There are at least nine candidate species plus three confirmed valid species:
- Pontohedyle brasilensis (Rankin, 1979) - tropical, East Atlantic, subtidal, lateral radula tooth with denticle, eyes are sometimes externally visible.
- Pontohedyle milaschewitchii (Kowalevsky, 1901) - temperate, Mediterranean and Black Sea, subtidal, lateral radula tooth with denticle, eyes externally visible.
- Pontohedyle verrucosa (Challis, 1970) - tropical, Central Indo-Pacific and West-Pacific, intertidal, lateral radula tooth without denticle, eyes are sometimes externally visible.

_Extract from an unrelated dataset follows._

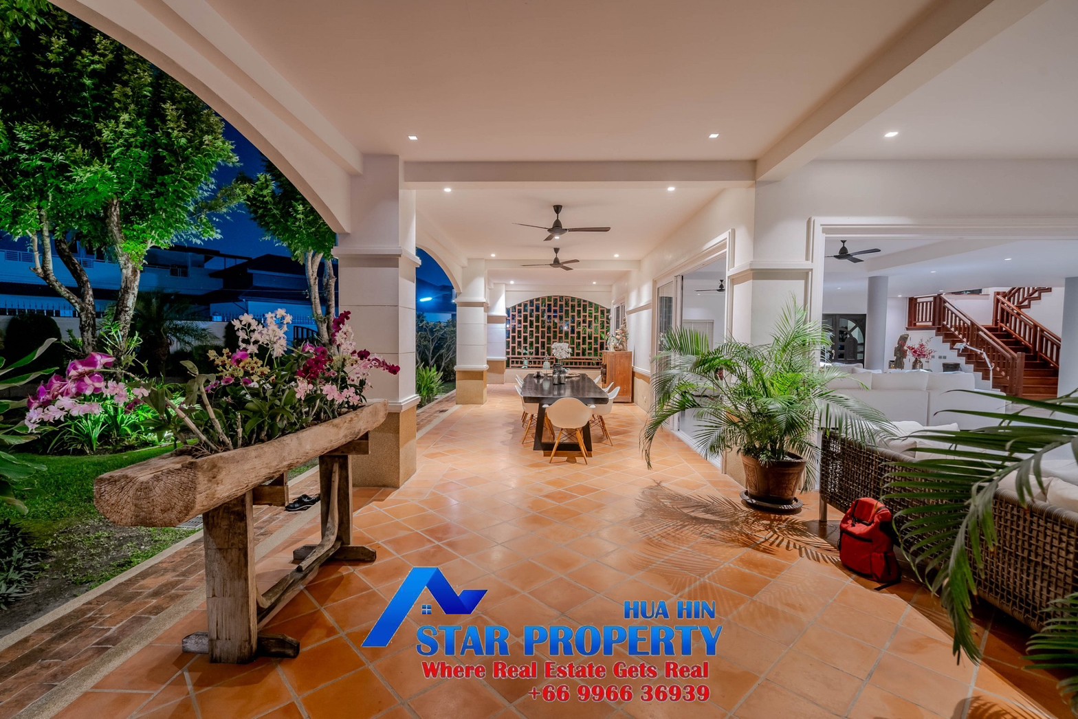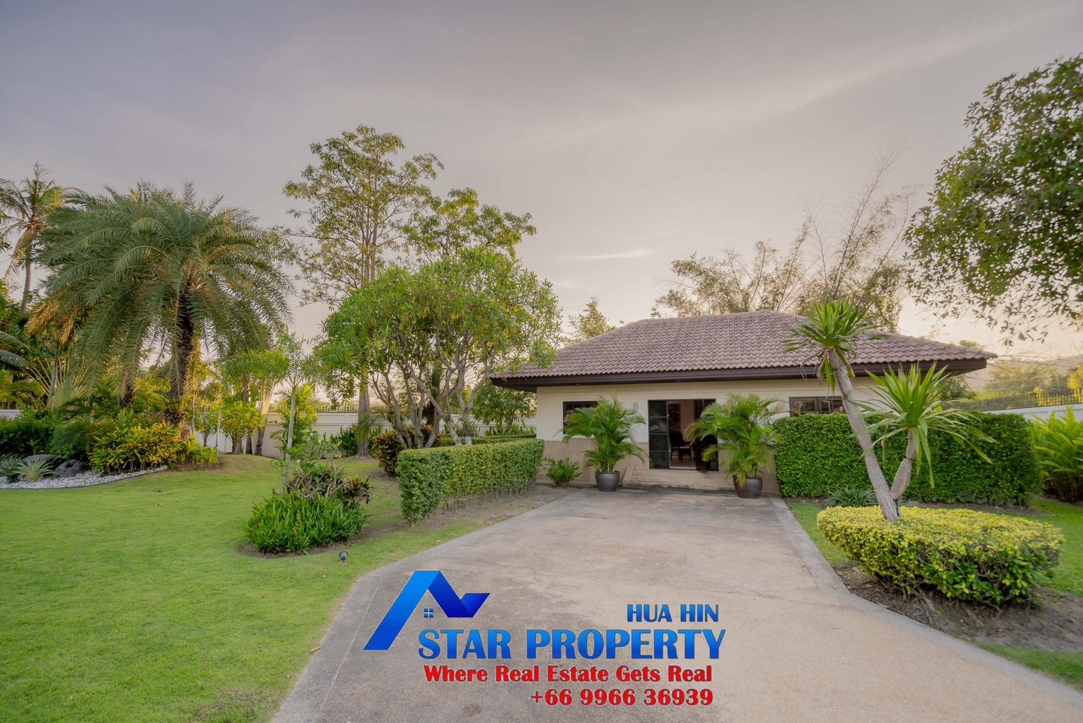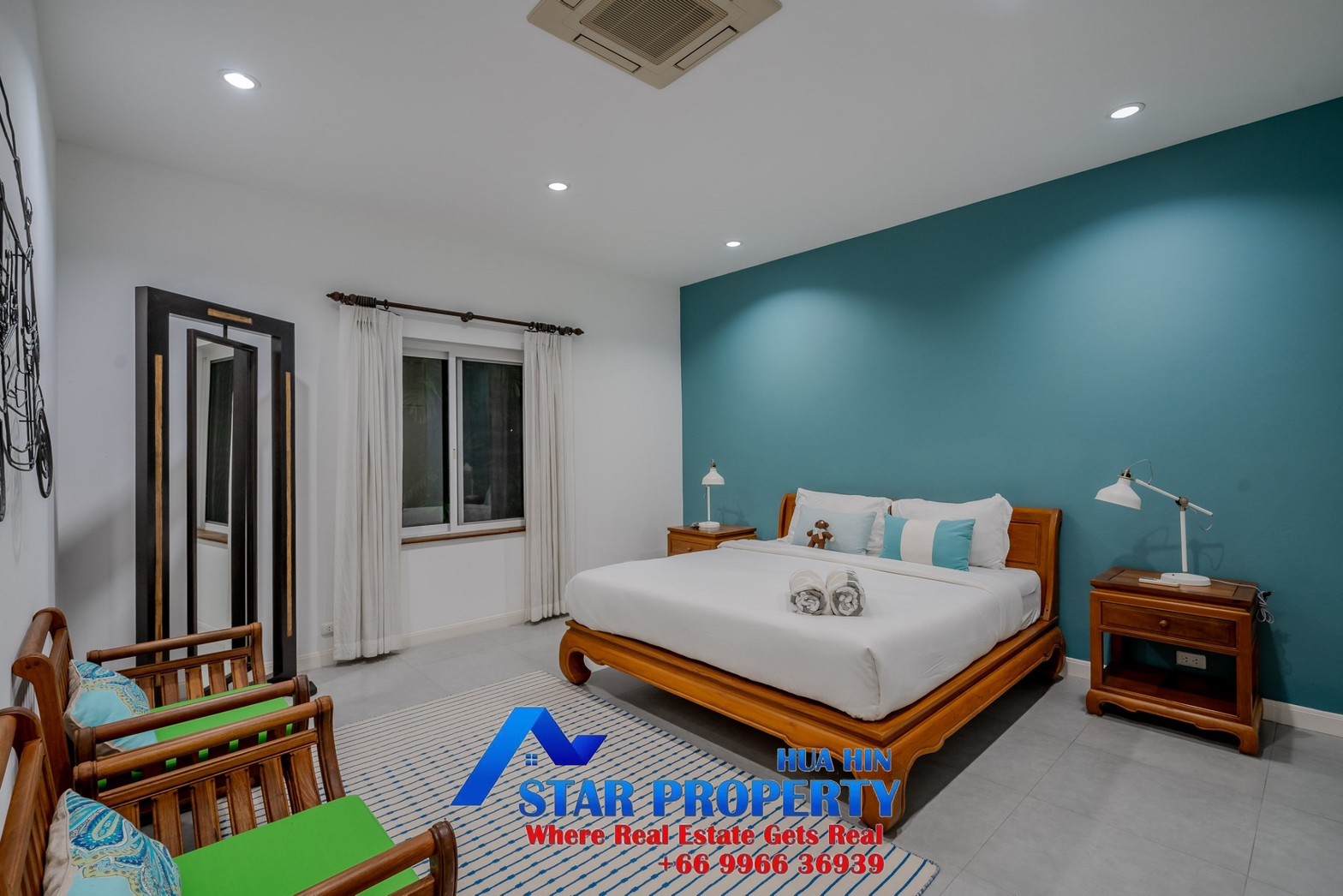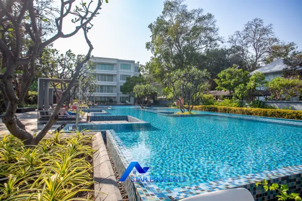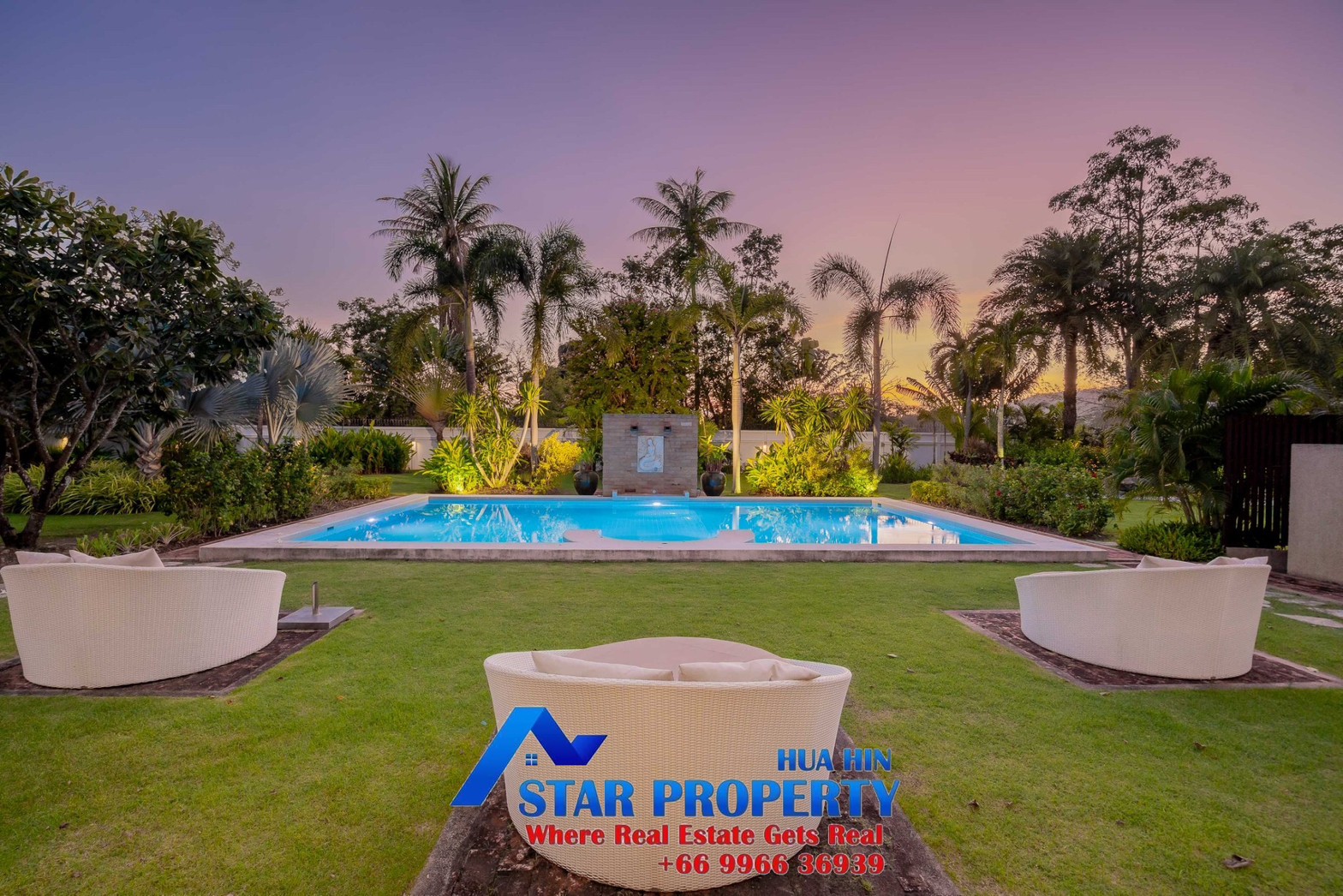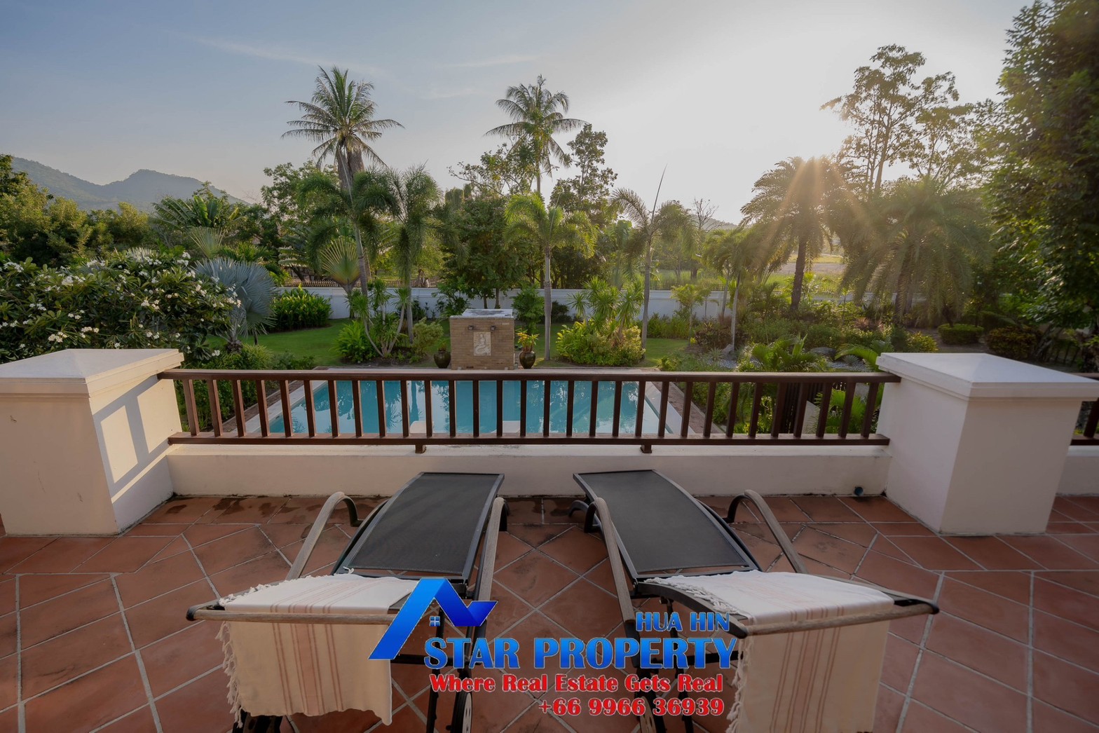 Lovely large pool villa with spacious living areas both indoors and on a large balcony. This 2-storey villa sits on a large 4200 sq m plot of land close to Hua Hin city center and the beach. Tropical gardens are landscaped by garden designers. It also includes a golf course training area with sand bunkers, chopping equipment and your own putting green. There is a large swimming pool area with a jacuzzi and waterfall, as well as an adjacent relaxation area.

- Pontohedyle sp. 1 - tropical, Central Indo-Pacific, subtidal, lateral radula tooth without denticle, eyes externally visible.
- Pontohedyle sp. 2 - tropical, East Atlantic, subtidal, lateral radula tooth with denticle, eyes externally visible.
- Pontohedyle sp. 3 - tropical, Central-Pacific, subtidal, unknown radula, unknown eyes.
- Pontohedyle sp. 4 - tropical, Red Sea, subtidal, lateral radula tooth with denticle, eyes externally visible.
- Pontohedyle sp. 5 - tropical, Indian Ocean, subtidal, lateral radula tooth with denticle, eyes externally visible.
- Pontohedyle sp. 6 - tropical, Central Indo-Pacific and Central-Pacific and West-Pacific and Indian Ocean, subtidal, lateral radula tooth with denticle, eyes externally visible.
- Pontohedyle sp. 7 - tropical, West Atlantic, subtidal, lateral radula tooth with denticle, eyes not visible externally.
- Pontohedyle sp. 8 - tropical, Central-Pacific, subtidal, unknown radula, unknown eyes.
- Pontohedyle sp. 9 - tropical, East-Pacific, subtidal, unknown radula, eyes externally visible.

==Cladogram==
A cladogram based on sequences of mitochondrial 28S ribosomal RNA, 16S ribosomal RNA and cytochrome-c oxidase I (COI) genes showing phylogenic relations of the genus Pontohedyle:

==Ecology==
Pontohedyle (and many other meiofauna taxa) are rare and can be expected to have small effective population sizes.